Un parcours inspirant commencé en 1994

C’est avec émotion que M. Kakule Kavyavu Jean-Baptiste est revenu sur les débuts de son aventure éducative. En 1994, le Complexe Scolaire Socapi ouvrait ses portes avec seulement deux salles de classe destinées à la première et à la deuxième année primaire. Grâce à une vision claire et à une croissance progressive, une nouvelle classe était ajoutée chaque année, permettant à l’établissement d’évoluer jusqu’au cycle secondaire.

Cette stratégie de développement a porté ses fruits en 2006 lorsque la première promotion de diplômés a enregistré un taux de réussite de 100 %, avec 7 lauréats sur 7 candidats présentés aux examens d’État.

La plus grande fierté du gestionnaire reste le parcours de nombreux anciens élèves qui se distinguent aujourd’hui dans différents secteurs de la vie nationale et internationale. Parmi eux figurent notamment l’Abbé Mirembe ainsi que plusieurs cadres et professionnels évoluant aux États-Unis et dans d’autres pays, témoignant de la qualité de la formation reçue au Complexe Scolaire Sokapi.

Discipline et qualité, les piliers de la réussite

Dans un contexte marqué par la prolifération des écoles privées à Butembo, M. Kakule Kavyavu Jean-Baptiste attribue la confiance des parents à deux valeurs fondamentales : la discipline et l’excellence académique. Selon lui, la rigueur dans le recrutement des enseignants et le suivi constant des apprenants constituent les principaux leviers de performance de l’établissement.

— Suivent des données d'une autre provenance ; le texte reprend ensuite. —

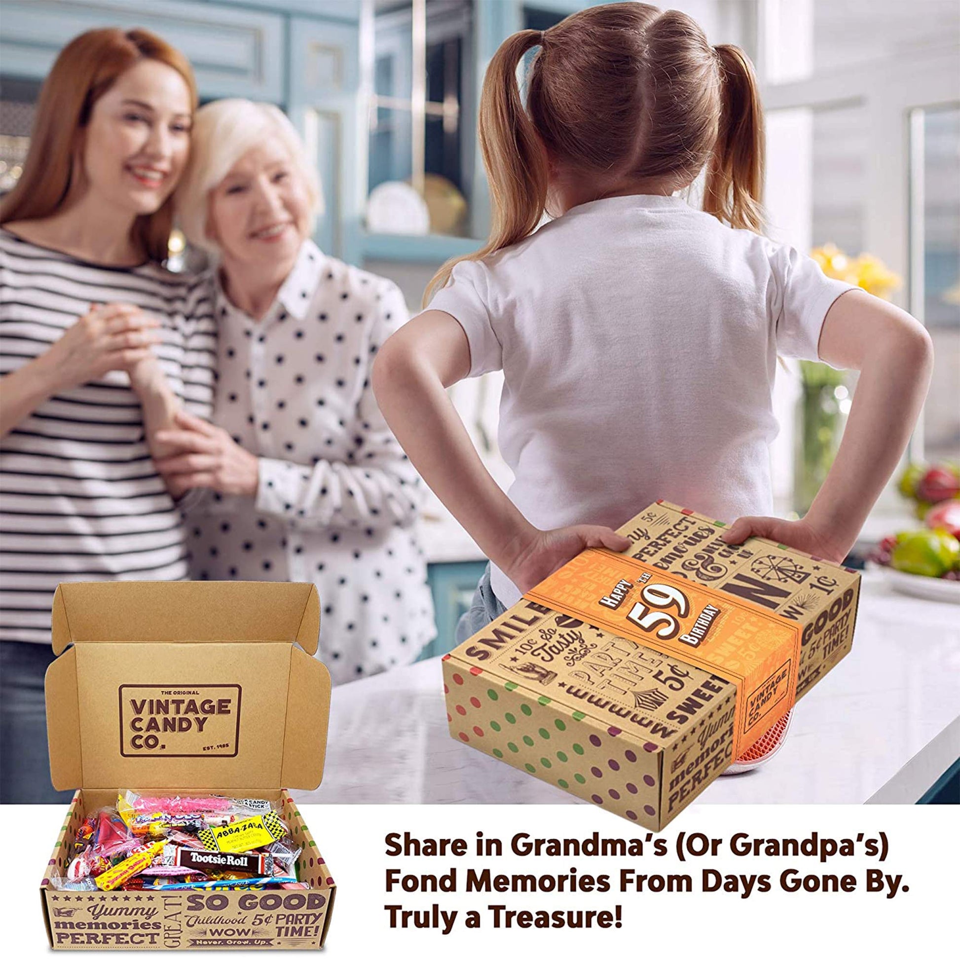 Discover The Ultimate Vintage Candy Box - A Nostalgic Journey Awaits! Looking For The Perfect Gift To Surprise Your Husband, Wife, Best Friend, Sibling, Or Colleague? Your Search Ends Here! Presenting The Vintage Candy Co. 59Th Birthday Special Candy Box - A Delightful Mix Of Nostalgia And Joy, Ideal For Any Candy Enthusiast. Move Beyond The Usual 59Th Birthday Apparel Or Typical 1965-Themed Presents. Our Expertly Curated Candy Box Offers Something Unique And Memorable. Why Our 59Th Birthday Candy Box Stands Out? Here Are The Top 3 Reasons: ? Exquisite 1965 Candy Collection: Our Vintage Candy Box Isn'T Just A Treat For The Taste Buds; It'S A Voyage Back In Time! Filled With 59 Cherished Candy Varieties From 1965, Each Piece Is Fresh And Individually Wrapped, Promising A Delightful Stroll Down Memory Lane. ? Timeless Keepsake Box: Specially Designed For This Milestone, The 10.65'' X 7.5'' X 3.15'' Gift Box, Adorned With A Classic Birthday Newspaper Insert, Is More Than Just Packaging - Its A Keepsake That Adds A Touch Of Nostalgia To Any Party D Cor And Stirs Fond Memories. ? Perfect For Everyone: Whether Its For A Dear Friend Or A Family Member, This Box Is A Versatile Gift That Says Happy 59Th Birthday In The Sweetest Way Possible. Still Thinking? ? Hassle-Free Gifting - It Arrives In A Beautifully Designed Box, Ready To Be Presented! ? Stylish Design - A Great Addition To Any 59Th Birthday Party D Cor, Suitable For All Genders. ? Thoughtful Yet Affordable - A Memorable Gift Thats Easy On The Wallet. Inside The Box: 1 * Captivating 59Th Birthday Vintage Candy Gift Box (3.2Lb) Dont Wait! Click Add To Cart Now And Make The 59Th Birthday Celebration Extraordinarily Memorable!
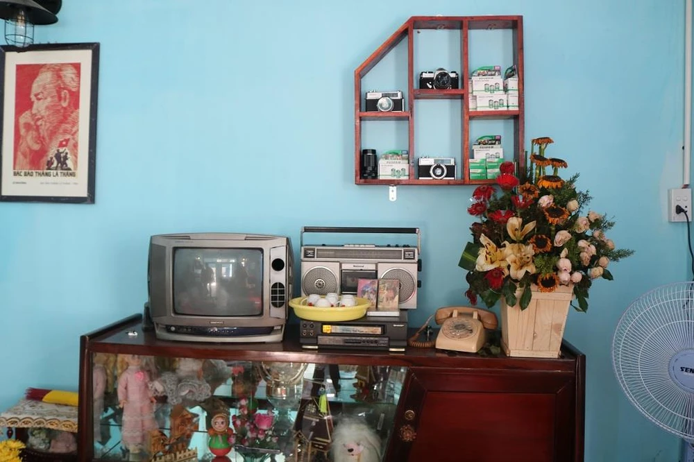 Các đồ vật trang trí quán như tivi, bàn ghế, xe máy hay tủ sách đều được chủ quán tận dụng từ những món đồ cũ nhà mình.

Situé dans la commune de Bulengera, à proximité de l’aérodrome de Rughenda, le Complexe Scolaire Socapi poursuit sa modernisation en améliorant continuellement ses infrastructures. L’école offre plusieurs filières de formation, notamment la Pédagogie générale, la Commerciale et Gestion, la Nutrition, l’Agronomie, l’Électronique ainsi que la Construction.

À travers cette distinction décernée lors de la JOUNEPA 2026, c’est tout le parcours de M. Kakule Kavyavu Jean-Baptiste qui est salué : celui d’un éducateur visionnaire ayant consacré plus de trente ans à bâtir une institution devenue une référence dans le paysage éducatif de Butembo-Lubero.